God feeding a hungry people is a cherished memory in the Jewish tradition. In his farewell speech to the Israelites, Moses calls upon the people to remember  how God gave them food and drink during their many years in the desert. The  manna was “something unknown to your fathers,” and the water flowed forth from  a “flinty rock.” The water and manna were wondrous signs of God’s presence and  care as the Israelites journeyed to a new land. 

Jesus proclaimed himself as the living bread come down from heaven, bringing eternal life to all who eat it. We approach the table of the Eucharist to receive the bread and drink the wine, the Body and Blood of Christ made present  through the power of the Holy Spirit. Again, something wondrous is happening. 

We remember that Jesus did this on the night before he died, and told his  disciples to “do this in memory of me.” When we do this, the saving event of  Christ’s death and resurrection is made present in the broken bread and wine  poured out for us. We enter into communion with the risen Lord and one another. 

Through our sharing in the memorial meal, Christ re-members us as his body  and sends us out to witness to God’s fidelity in the past and God’s promise for  the future: a world renewed, restored, reborn in the Spirit.

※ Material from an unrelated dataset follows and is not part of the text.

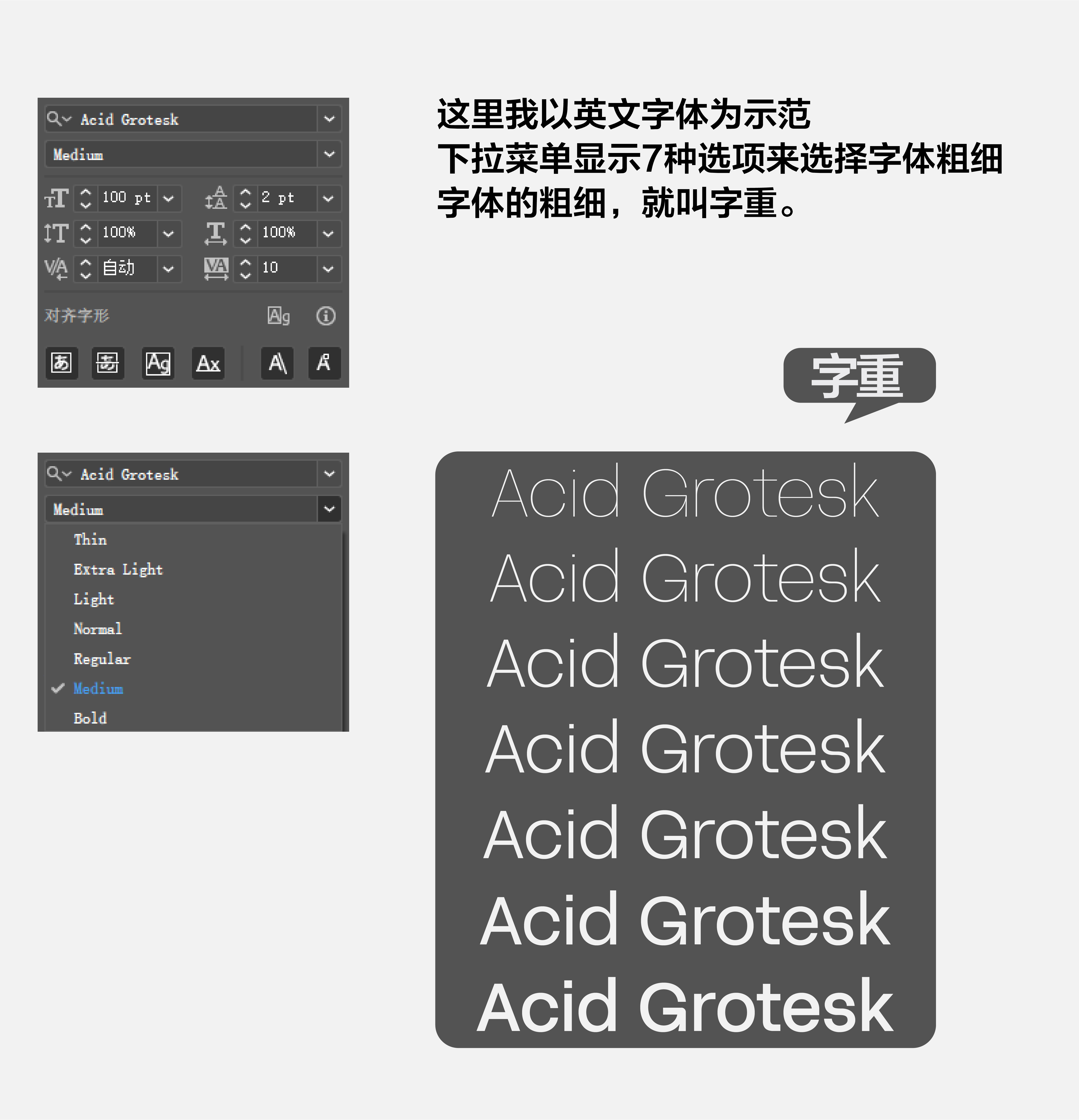 字号对比 字重对比 字体对比

God continues to feed  us on the road from slavery to freedom, from death to life. 

Consider/Discuss

  • Are you able to see beyond the morsel of bread and sip from the  cup to recognize God feeding you and drawing you into communion  with the Son and all who are fed? 
  • Do you connect the Eucharist with the mission of the Church in the  world, when you hear: “Go in peace to love and serve the Lord”? 

Responding to the Word

Today’s feast has a special hymn called a “Sequence” before the Gospel.  Some of the images and ideas are: Jesus good shepherd and true bread, have  mercy on us; feed us and guard us. Grant that we find happiness in the land of  the living. Make us your guests in heaven, co-heirs with you and companions of  heaven’s citizens.